By Ela Newman
Instructor in Developmental Writing and in ESL
University of Texas at Brownsville
newjgea@aol.com
As an EFL learner I appreciate grammar rules. They provide me a kind of comfort. They satisfy my curiosity. They help me achieve accuracy. They even encourage me to experiment. Still, there was a time when one set of rules both puzzled and disheartened me – the rules for the Past Perfect. Those rules I shunned. They got the cold shoulder from me. I avoided them like the plague.
I could deal with the use of the Past Perfect in Reported Speech, Conditionals, and constructions beginning with “I wish...” or “If only….” However, getting my mind around using the Simple Past in place of the Past Perfect in “certain” stylistic contexts was too much for me, and my sense of grammar security became rickety.
On top of that, even after I began to find some comfort in perhaps the most definitive purpose for the use of Past Perfect, namely “to show that one action or state happened before another one in the past,” I’d regularly come up with sentences that sounded unnatural. Here’s one example: “I had brushed my teeth and I washed my face.” To my mind, this indicated that the brushing came before the washing, and so the use of the Past Perfect in this context was appropriate and necessary. I questioned my teacher one day, asking “Isn’t that right? Isn’t that what the rule says?” She responded, “Yes, that’s what the rule says, but there’s another rule which says that the Simple Past is typically used to list events that occurred in a sequence.” At that, I sighed.
Clearly, I had a mental block when it came to comprehending the use of the Past Perfect, and even though my teacher would, in an attempt to help us students picture the tense, explain that it referred to a “pre-past” or a “past of the past,” I felt I was just not getting it.
Some time later, I encountered the consoling but unencouraging words of R. A. Owen who states that “the Past Perfect tense is an easy one to become acquainted with, but a difficult one to master,” and further that because in many cases the Past Perfect is used interchangeably with the Simple Past, “the foreigner is left wondering whether the choice of tense in a given context is one of taste, emphasis, meaning, or grammar” (54).
In the end, I got my mind around the nasty Past Perfect.
Realizing now the complexity of it, and remembering my own struggle with it, I’m asking myself the question: What did I need to know as a learner to master that nasty bit of grammar?
- Before I could deal with the whole Past Perfect-Simple Past interchangeability issue, I needed to know what roles the Simple Past played that the Simple Past did not.
- I needed to know from the beginning when I must use the Past Perfect, rather than when I may use the Past Perfect.
If I was typical in this, it may make good sense for us to begin teaching the use of the Past Perfect by focusing on contexts in which its use modifies the meaning of a message. In some contexts, the use of the Past Perfect in place of the Simple Past genuinely alters the meaning of the message. Here students can feel a greater impact of the Past Perfect.
We arrived and she had left.
(Compare: We arrived and she left.)
His friends called with his alibi, but the police had hauled him away.
(Compare: His friends called with his alibi, but the police hauled him away.)
Although I had lived in China, I spoke very little Chinese.
(Compare: Although I lived in China, I spoke very little Chinese.)

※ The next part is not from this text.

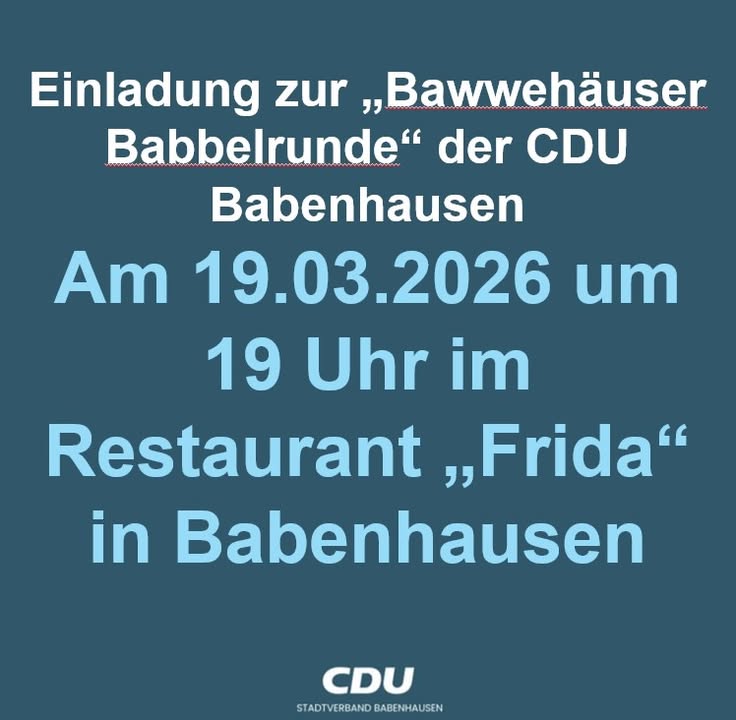 mehrEinladung zur BawwehäuserBabbelrundeDer CDU-Stadtverband Babenhausen lädt Euch herzlich zur Bawwehäuser Babbelrunde am Donnerstag, den 19. März 2026, um 19 Uhr ein. In einer geselligen Atmosphäre des Restaurants "Frida" in Babenhausen möchten wir gemeinsam mit Euch aktuelle kommunal-, landes- und bundespolitische Themen besprechen - und natürlich all das, was Euch sonst bewegt.Kommt vorbei, bringt Eure Fragen und Ideen mit und lasst uns einen anregenden Abend miteinander verbringen!Wir freuen uns auf Euch!

I have the impression that once students get a feel for the semantic influence of the Past Perfect, they find it much easier to accept the interchangeability of the Past Perfect and the Simple Past (as in sentences containing subordinate clauses beginning with “before” or “after”). It seems to me that it’s crucial that students get a feel for the “weight” of the Past Perfect. Introducing students to the Past Perfect by way of contexts in which it modifies the meanings of messages seems a reasonable way to foster in them a feel for that influence.
I’m planning to share my favorite activity for teaching the Past Perfect in my next blog. I would love to hear about activities you’ve used to teach this tense.
Owen, R.A. (1967). Past Perfect and Simple Past. ELT Journal, 22/1, 54-59.